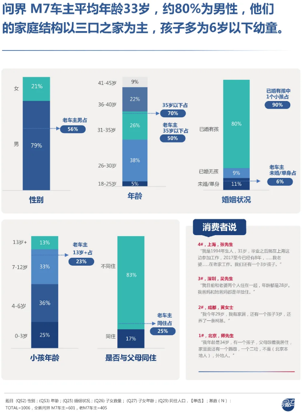 而被宽泛合计是“30万级SUV价值之选”的全新问界M7,精确餍足了当下耗尽者的需求。就在近日,尼尔森IQ发布车主画像调研——《问界M7车主画像分析叙述》(以下简称“《叙述》”)。
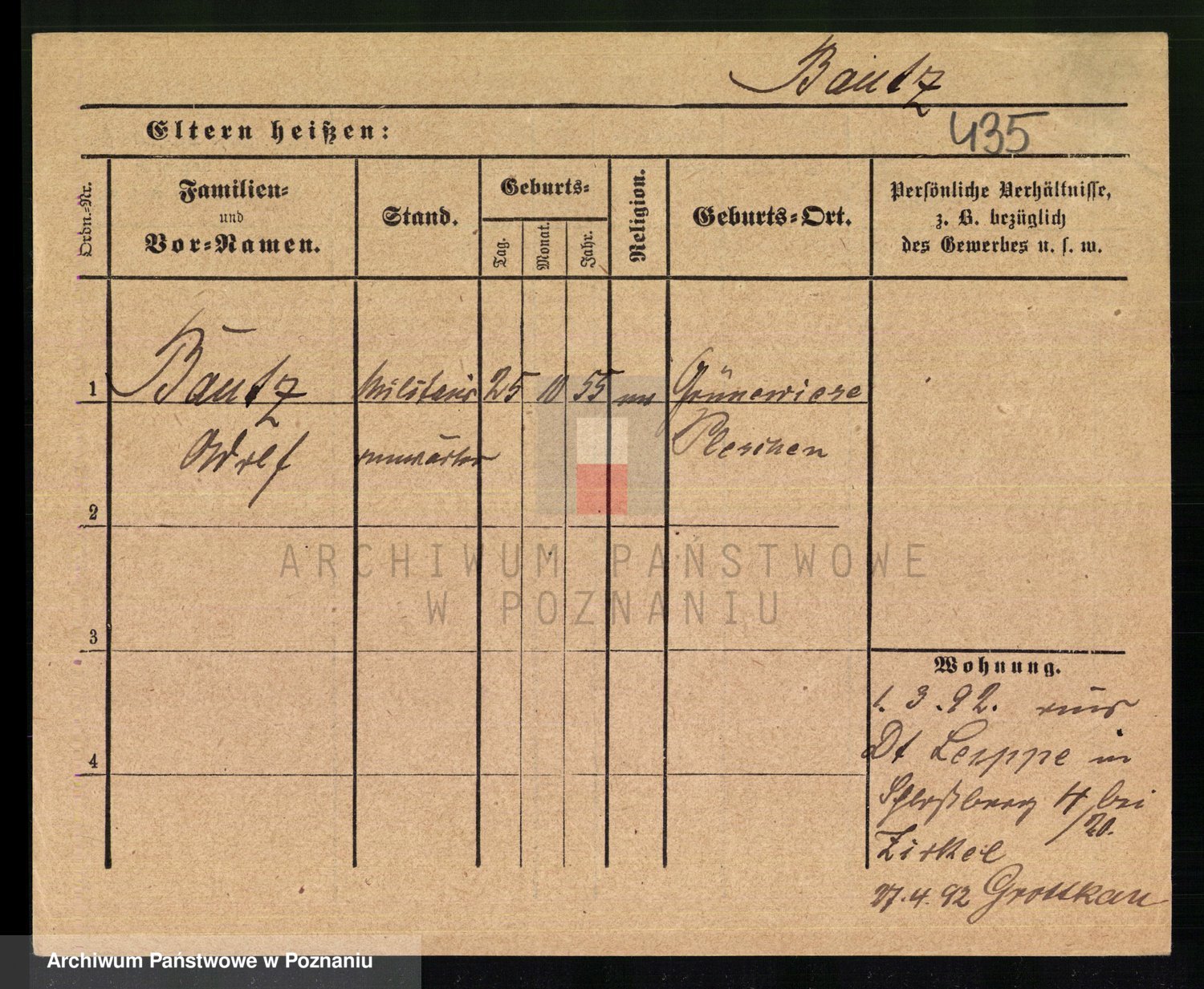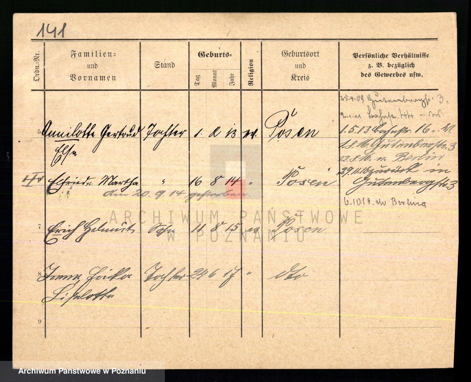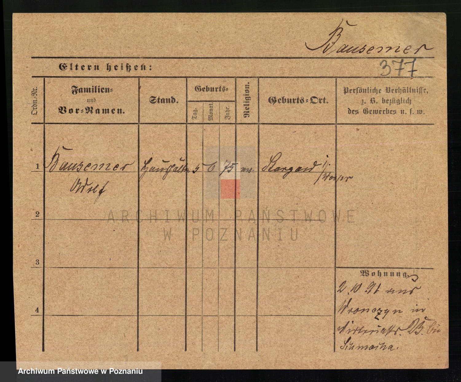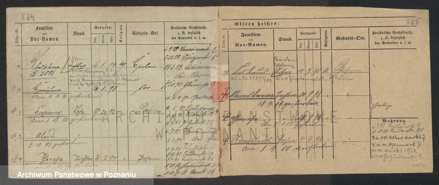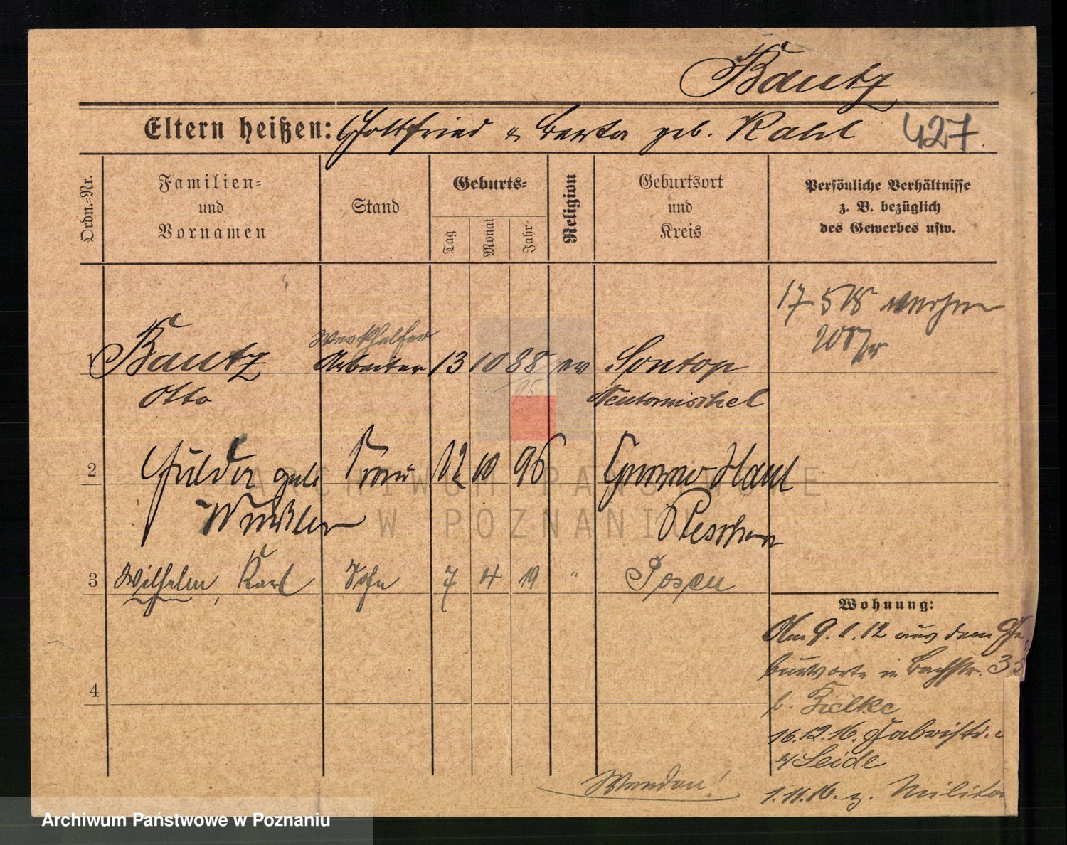 Podgląd karty osobowej dostępny jest po kliknięciu na nazwisko lub ikonkę karty. Można dokonywać powiększenia (ikony na górze) lub przechodzić między kolejnymi skanami (strzałki po bokach).
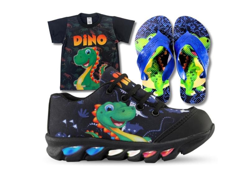O menor preço encontrado no Brasil para tenis de led infantil masculino dinossauro com luzinha meninos mais chinelo e camisa-Masculino atualmente é R$ 119,90.
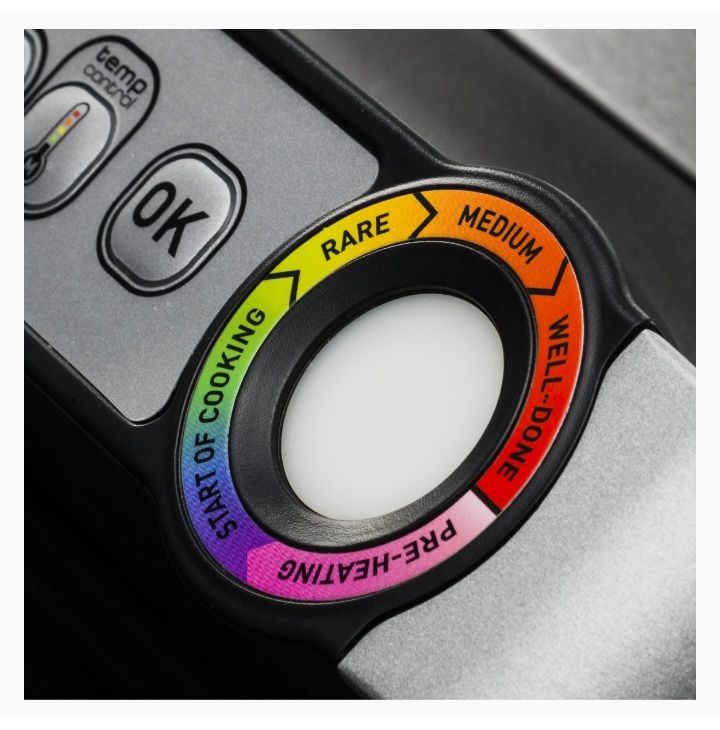 Colour-coded cooking level indicator: for perfect grilling results, OptiGrill+ monitors progress and alerts you when your meat is rare, medium or well done
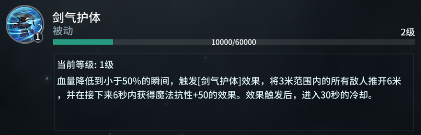 被动技艺【剑气护体】:九月血量降至低于50%的霎时将会推开范畴内的一切敌人,并正在一段工夫内取得魔抗,实现冷却后可再次触发。
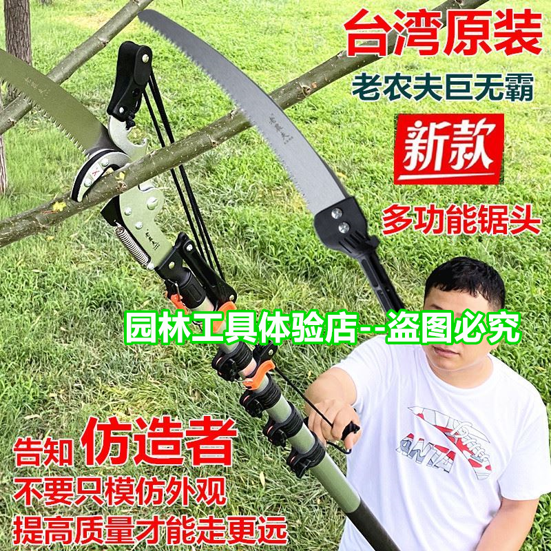 Импортные ветеранские фермеры, высокие ветви вырезают садовые художественные фруктовые деревья, распиливающие высокие вытягивания ветви
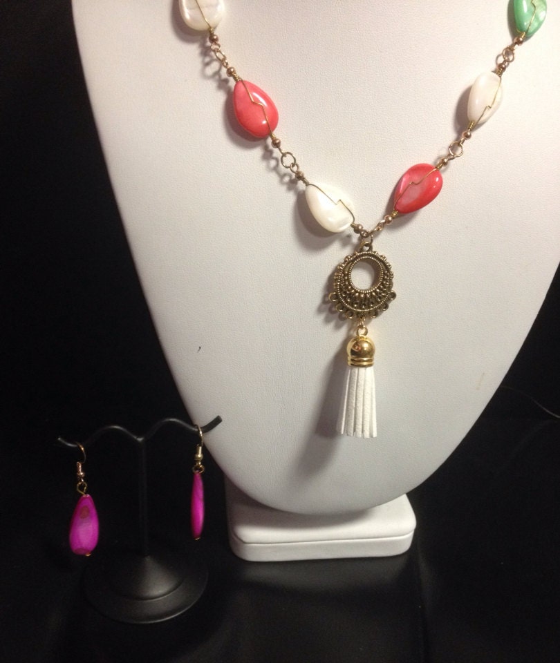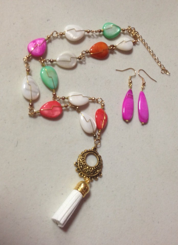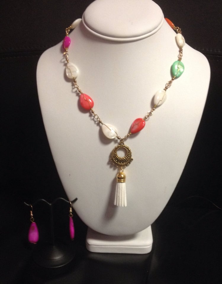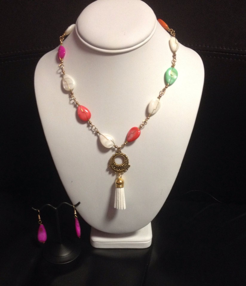 Multi Color Mother of Pearl Shell Tear Drop Beads Necklace & Earring Set; tassel jewelry, tassel necklace, Beach Necklace, Gift for her,

- **What the task requires**
Output, line for line and exactly, the records above from their first line through the one with "Podgląd karty osobowej", both ends included, but no pictures.

- **Exercise solution**
 而被宽泛合计是“30万级SUV价值之选”的全新问界M7,精确餍足了当下耗尽者的需求。就在近日,尼尔森IQ发布车主画像调研——《问界M7车主画像分析叙述》(以下简称“《叙述》”)。
 Podgląd karty osobowej dostępny jest po kliknięciu na nazwisko lub ikonkę karty. Można dokonywać powiększenia (ikony na górze) lub przechodzić między kolejnymi skanami (strzałki po bokach).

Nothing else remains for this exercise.